Тот понимающе подмигнул, полез в глубокий карман халата. Мне уже было жарко. Горький и мокрый воздух парка, холод, горький ветер вечернего города. «Спички есть?» Нет, мотнул головой я. Сосед, зажав спичку в тёмных, крепких ладонях, дал мне огоньку. «Ароматные». Курил я их давно, мокрой осенью, нищей и невезучей. Шестьдесят седьмой год. Петроградская сторона; деревянные чёрные мосты над чёрной осенней водой. Тяжёлый густой туман на безлюдном Кировском проспекте в праздничную ночь. В тумане звучные шаги. И мужской голос, мягко влюблённый: вы хорошо помните рассказ Бунина «Натали»? героиня там удивительно похожа на вас; и женский голос, пленительный в ночном тумане, задумчивый и смеющийся, что-то отвечает ему.
Вечерний ветер в парке клиники холодом обжимает мой горячий лоб, острым и приятным холодом забирается на грудь, под бинты. Вечер поздней осени, ветер Фонтанки и Загородного проспекта, ветер мрачного, холодного Финского залива.
– Хорошо? – понимающе спросил сосед.
Хорошо, сосед. Хорошо! Я был очень ему благодарен. И наконец-то я мог отдохнуть… отдохнуть. После всех бед, мучений. Пьянея, я отдыхал, чувствуя, как боль уходит, глядя на вечерний парк, на Загородный, где уже медленно разгорались над трамвайными путями, влажным булыжником сиреневые ртутные фонари. Трамваи гремели, под фонарями, за чёрной узорной оградой; листья на чёрной земле. Я курил, глубоко, наслаждаясь тем, как холод и горечь осени проникают в горячий пахучий дым. Хорошо. Вот и кончились мои муки. Теперь уже всё замечательно хорошо. Эй. Приятель. Ты что? Ты куда? Приятель!.. И я с наслаждением ткнулся лицом в мокрые листья.
…несут несут несут бегом куда-то всё выше выше кругами выше гневно кричат кричат Наташа красивая медсестра потерянно горько горько плачет плачет лязг металл металл металлический светлый софит мутный свет омерзительный запах не хочу! (Четвёртая операция.)
Когда я вновь увидел окно, на деревьях лежал чистый снег.
IV
…Деревья в снегу.
Зима была длинной, снежной. Гельвеций, двухтомник которого я нашел в шкафу, содержащем библиотеку клиники, стал моим медленным собеседником в эту белую зиму.
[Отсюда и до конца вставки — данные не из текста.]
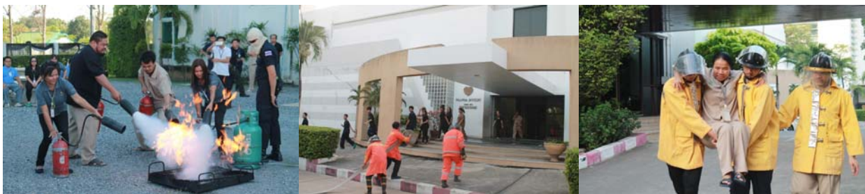
อบรม : ดับเพลิงขั้นต้นและฝึกซ้อมอพยพหนีไฟ

บริษัทฯ มีการทบทวนและดำเนินการซักซ้อมแผนโต้ตอบภาวะกรณีเกิดเหตุฉุกเฉิน เช่น การฝึกซ้อมดับเพลิงและฝึกอพยพหนีไฟ เพื่อให้พนักงานทราบถึงขั้นตอนการดับเพลิงและวิธีการหนีไฟ หากมีเหตุฉุกเฉินกรณีเกิดเหตุเพลิงไหม้ การฝึกซ้อมระดับเหตุการณ์ร้ายแรงเพื่อให้พนักงานทราบแนวทางการปฏิบัติเมื่อเกิดเหตุการณ์ร้ายแรงและบทบาทหน้าที่ของผู้ที่เกี่ยวข้อง เป็นต้น
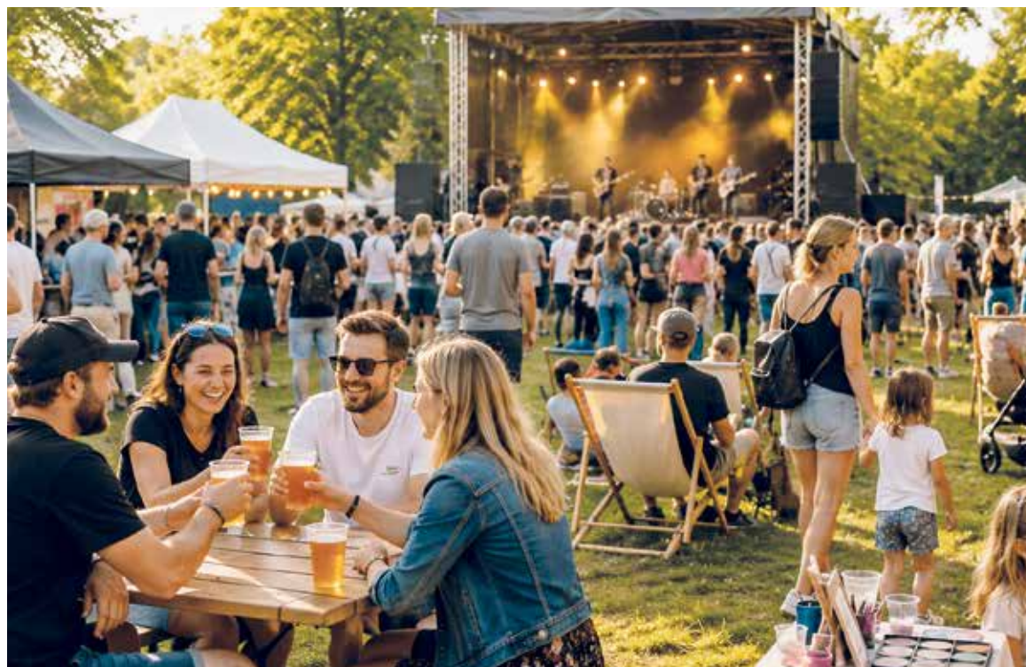
SOUČÁSTÍ programu budou vystoupení hudebních kapel a také pivní soutěže. Ilustrace: AI

hodovou atmosféru. Chceme, aby Praha 10 byla místem, kde lidé tráví čas rádi a kde veřejný prostor skutečně žije,“ doplňuje místostarosta MČ Praha 10 Pavel Šutka (ODS). Kompletní program akce na www.praha10.cz/desitkanadesitce . (P10, red)
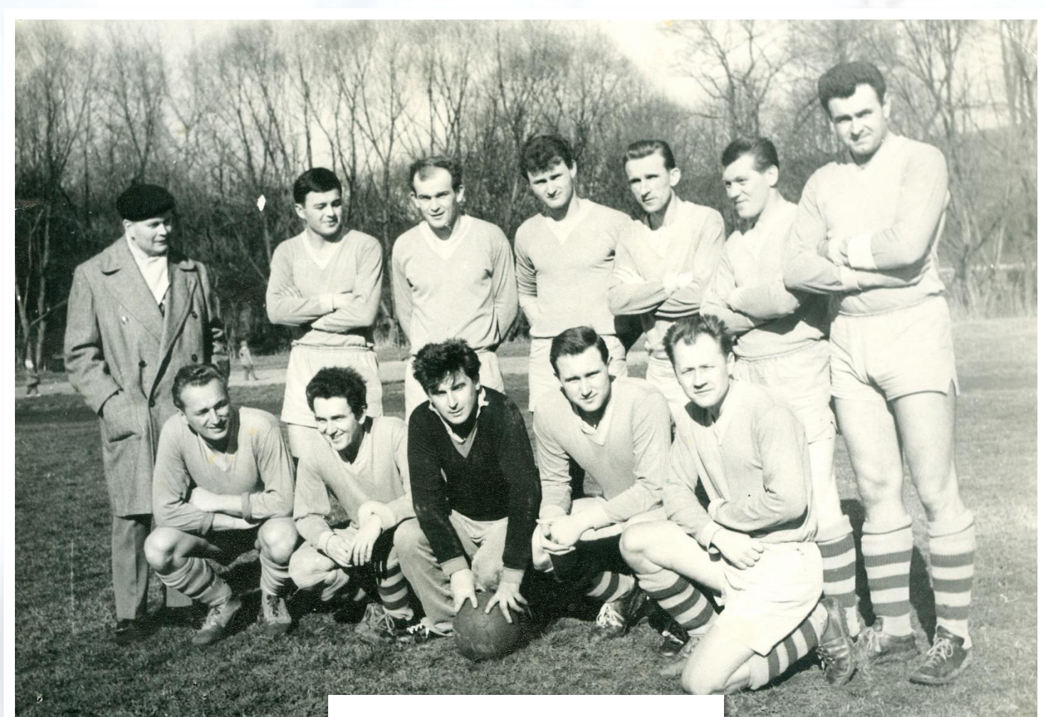
I. mužstvo (1966)
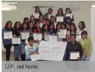
U.P. del Norte
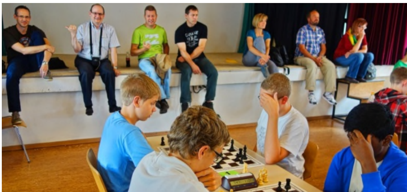
Turniersaal: Spitzenbretter U18 (Bildmitte) und Zuschauerreihe im Hintergrund.
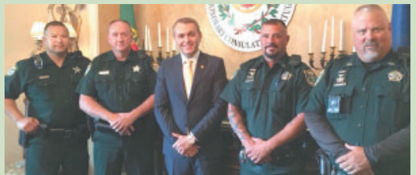
◀ O Cônsul Honorário de Portugal com agentes da lei e da ordem na recepção do Dia de Portugal na residência
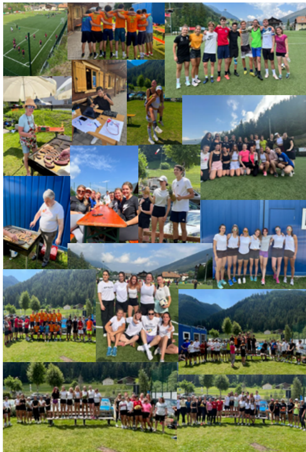
Alcuni momenti del torneo
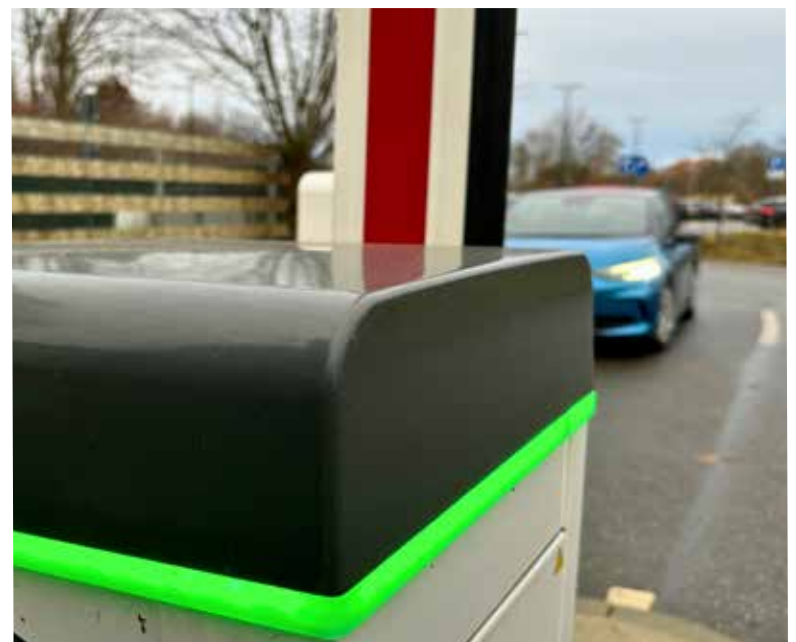
Mit der Inbetriebnahme der Schrankenanlage der Parkplatzanlage Rostocker Straße verbessert sich das Parkplatzangebot am Kreisverwaltungsstandort Wismar.

Die vom Kreistag Nordwestmecklenburg beschlossene Benutzungs- und Entgeltordnung für die Parkplatzanlage Rostocker Straße ist im Internet unter www.nordwestmecklenburg.de einsehbar.
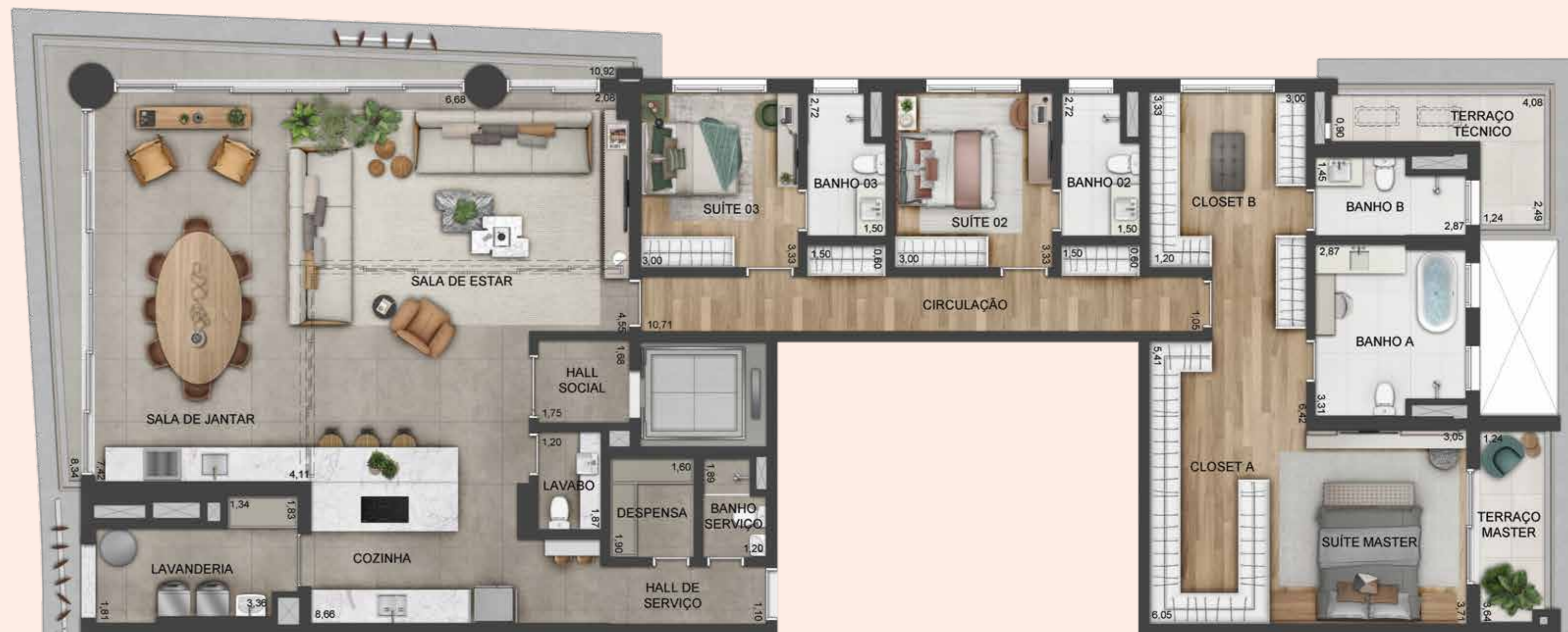
PLANTA OPÇÃO | 261 M 2 | 3 SUÍTES

SUGESTÃO DE DECORAÇÃO. EVENTUAIS ADEQUAÇÕES NAS INSTALAÇÕES ELÉTRICAS OU HIDRÁULICAS SERÃO POR CONTA DO CLIENTE. QUALQUER MODIFICAÇÃO NO APARTAMENTO QUE IMPLIQUE NA ALTERAÇÃO DO PROJETO QUE NÃO ESTEJA ESPECIFICADA NA CONVENÇÃO DE CONDOMÍNIO DEVERÁ SER APROVADA EM ASSEMBLEIA. PLANTA COM FECHAMENTO DE TERRAÇO NÃO INCLUSA NO MEMORIAL DESCRITIVO PADRÃO.
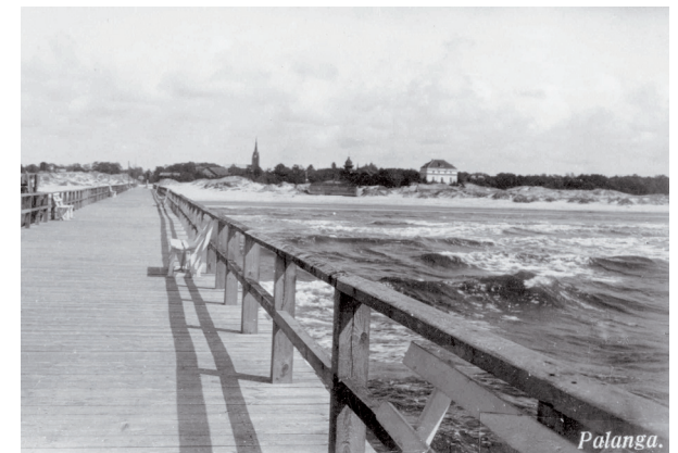
Vaizdas nuo legendinio Palangos jūros tilto.
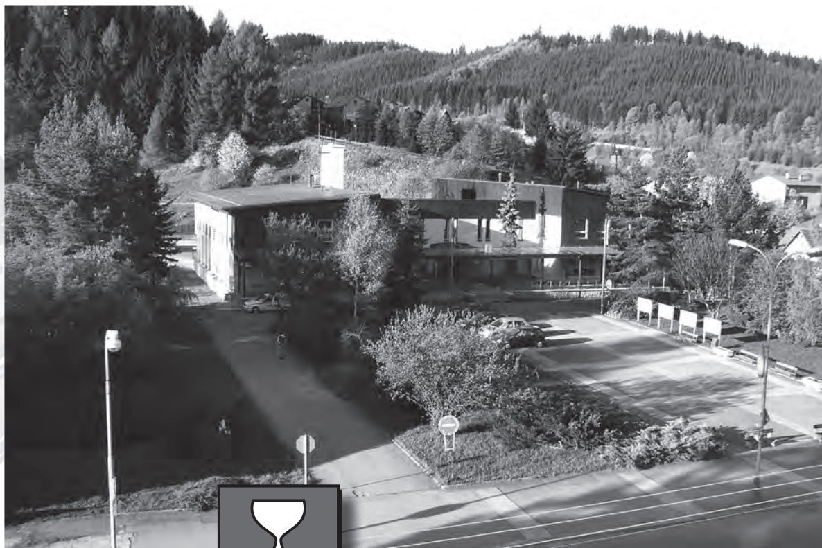
Náměstí v Karolince, jak jsme ho znali do loňského roku
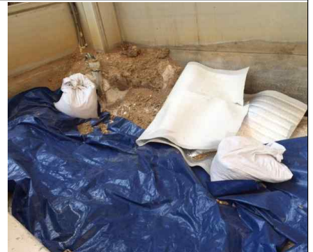
화단에 적치된 인공모래 폐기처리 및 혼합토 복토
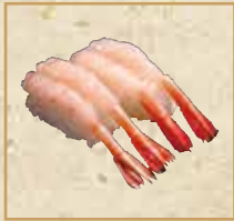
甘えび Northern Shrimp 甜虾 握寿司
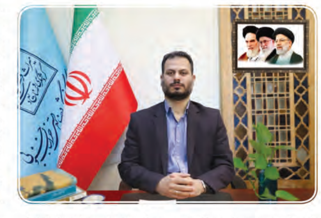
صدا و سیما در مراسم اختتامیه و افتتاح توسعه و ترویج زرشک در قاین از جمله این اقدامات بوده است. وی از ثبت نظام میراث جهانی این به عنوان اولین زرشک تولیدی دنیا و ایران، ایجاد کلکسیون زرشک و کسب اعتبار از مرکز، مبارزه دولتی با زنگ جارویی زرشک در ۱۳۱۵ هکتار از باغات زرشک استان برای اولین بار، واگذاری دو مجتمع پارک‌های زرشک به مردم، پیگیری طرح زنجیره ارزش افزوده زرشک و جذب ۴ میلیارد تومان اعتبار خبر داد.

می‌سپارند. مدیرکل میراث فرهنگی، گردشگری و صنایع دستی خراسان جنوبی افزود: سپس صافی یا چادر را گرفته و یکی از مردم که در درخت‌نوردی و در عناب تکانی ماهرتر است به بالای درخت می‌رود. عناب تکان نهایت سعی را می‌کند تا به درختان آسیبی نرسد گویی که در نظرشان درختان نیز مانند انسان‌ها جان دارند. طول چوب‌های عناب تکانی از ۱ تا ۴ متر می‌رسد و به بلندترین چوب‌ها پارو یا گلکی گفته می‌شود. در تمام مراحل جمع‌آوری
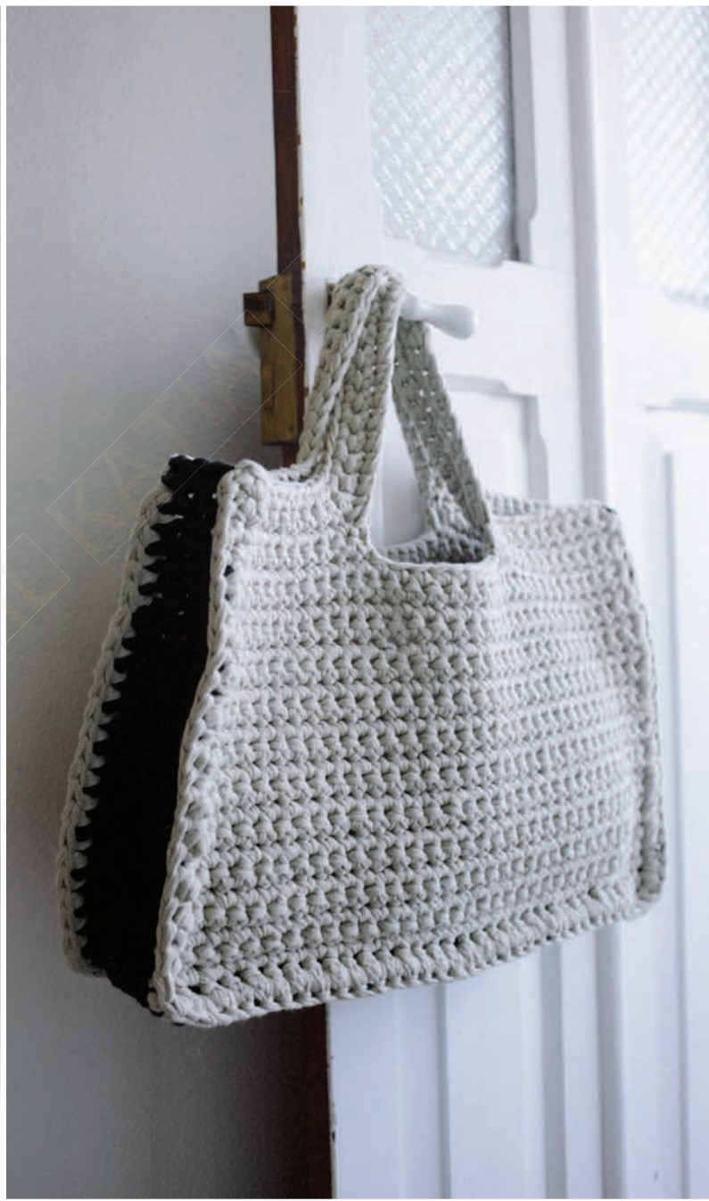
63. BIG RIBBON
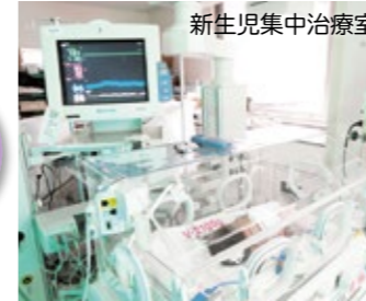
新生児集中治療室

小さく生まれた赤ちゃんや障害のある赤ちゃんに対しては、地域の訪問看護師や保健師と連携し、子どもと家族を支えるケアを実践しています。
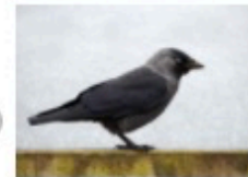
Choucas des tours

Oiseau entièrement noir, y compris le bec et les pattes. Son vol est lourd. Pour chanter, cet oiseau élève la tête très haut et fait un cri grave et long.
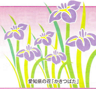
愛知県の花「かきつばた」

発行所：(公社)愛知県防犯協会連合会 名古屋市昭和区円上町26番15号 愛知県高辻センター 2階 (052) 871-2110
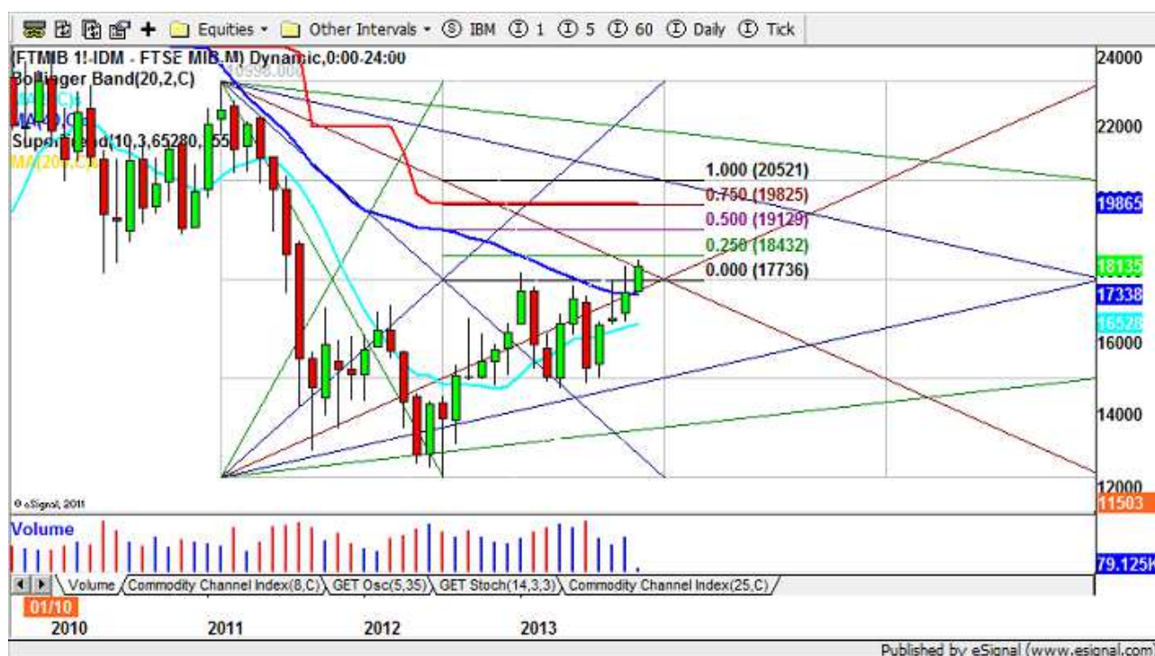
Figura 1: FIB grafico settimanale

Quello sopra riportato e' il grafico del future sull'indice italiano, il FTSE MIB. I prezzi del future sono inserito in quello che viene chiamato Gann Box, che ora vi spiego.
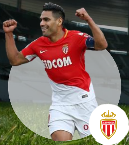
Radamel Falcao As Monaco
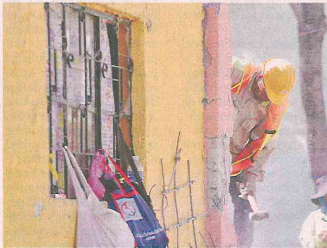
Las labores remoción de escombros siguen en esta colonia de Miguel Hidalgo desde el sábado.
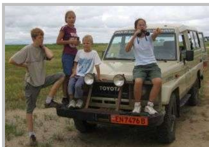
Das Auto wird als Beobachtungsstand genutzt.

Der Schlagbaum wird für uns geöffnet, und wir fahren in den Park. Die Parkgrenzen bestehen übrigens nicht aus Zäunen, sondern die Tiere dürfen ungehindert ein- und ausgehen. Lediglich an den wenigen Zufahrtsstrassen sind Schlagbäume und Parkwächter.
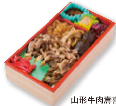
山形牛肉壽喜燒便當
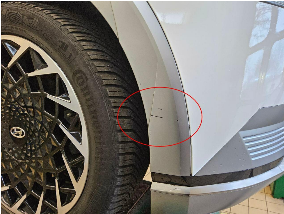
Bild 7 : Kotflügel vorne rechts Lackierung, verschrammt, smart repair
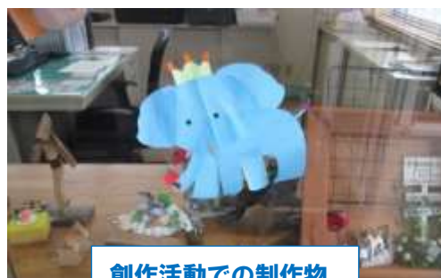
創作活動での制作物

「生きる」をテーマに基礎生活力を高めて、社会に出ても自分に負けず生活ができるように、精神面でのサポートを行います。また、やりたいことを一緒に見つけ、なりたい自分を一緒に考え、夢や希望をもって自分らしく生活できるようにサポートする事業所です。(同施設案内より)
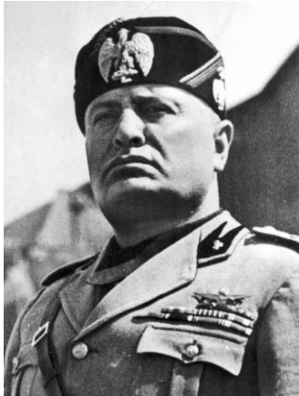
Benito Amilcare Andrea Mussolini 1883 – 1945. "Duce" d'Itàlia entre 1922 i 1943.

Època entre 1919 i 1944 a Itàlia, en que va néixer i va arribar al poder la ideologia feixista , liderada per Benito Mussolini , que va crear un Estat totalitari i, aliat amb l'Alemanya nazi, va provocar la Segona Guerra Mundial .
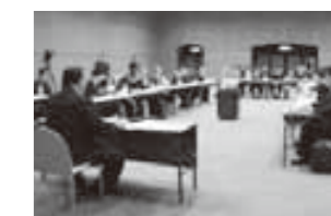
実施計画書を審議する委員

平成26年度開通予定の舞鶴若狭自動車道にスマートインターチェンジ(※)を設置しようと、関係機関との協議を進めるため、2月18日にプラザ萬象で地区協議会が開催されました。 初めてとなる今回の協議会では、設置に必要な実施計画書を策定。今後は実現に向けて具体的な手続きを進めるとともに、国への要望活動などを行っていきます。 ※スマートインターチェンジ ...ETC専用の簡易型インターチェンジ
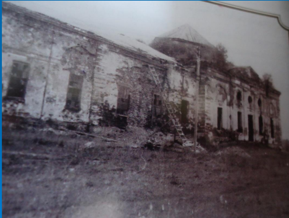
Знаменский храм перед восстановлением

В 1993 году разрушенный храм был передан Свято – Троицкому Серафимо – Дивеевскому монастырю, восстановлен и отреставрирован.
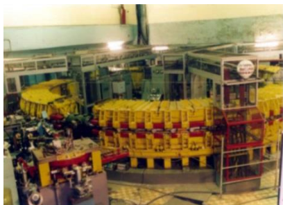
Крупнейший электронный синхротрон, созданный в ТПУ

В ТПУ создан научно-образовательный центр для подготовки элитных специалистов для научно-исследовательской и инновационной деятельности в таких областях, как радиационные технологии, обращение с отработанным ядерным топливом, проектирование,
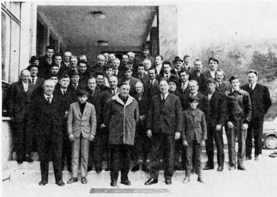
Čebelarji novoustanovljenega društva Kanal-Brda

Kdor želi postati gostitelj članov navedenega društva, naj pošlje zaradi evidence prepis prijave ZČDS, ki jo bo poslal društvu v Anglijo.

Я прочитывал несколько строк, утомлённо опускал книгу на покрывало и подолгу думал, о всяком. От белых прохладных страниц веяло чистотой, выстуженной зимой.
Зима лежала за окнами.
Снежный пустой парк. Тёмная синева уходила, становилось белым-бело, и мутные, синие, вечерние сумерки ложились на снег.
Все чувства мои пребывали в забытьи. Не очень понятные, нетвёрдо связанные, и вовсе разрозненные мысли шли медленно по вольным широким кругам. Отрешённо, холодно наблюдал я их безразличное ко мне кружение, начало бравшее из снегов.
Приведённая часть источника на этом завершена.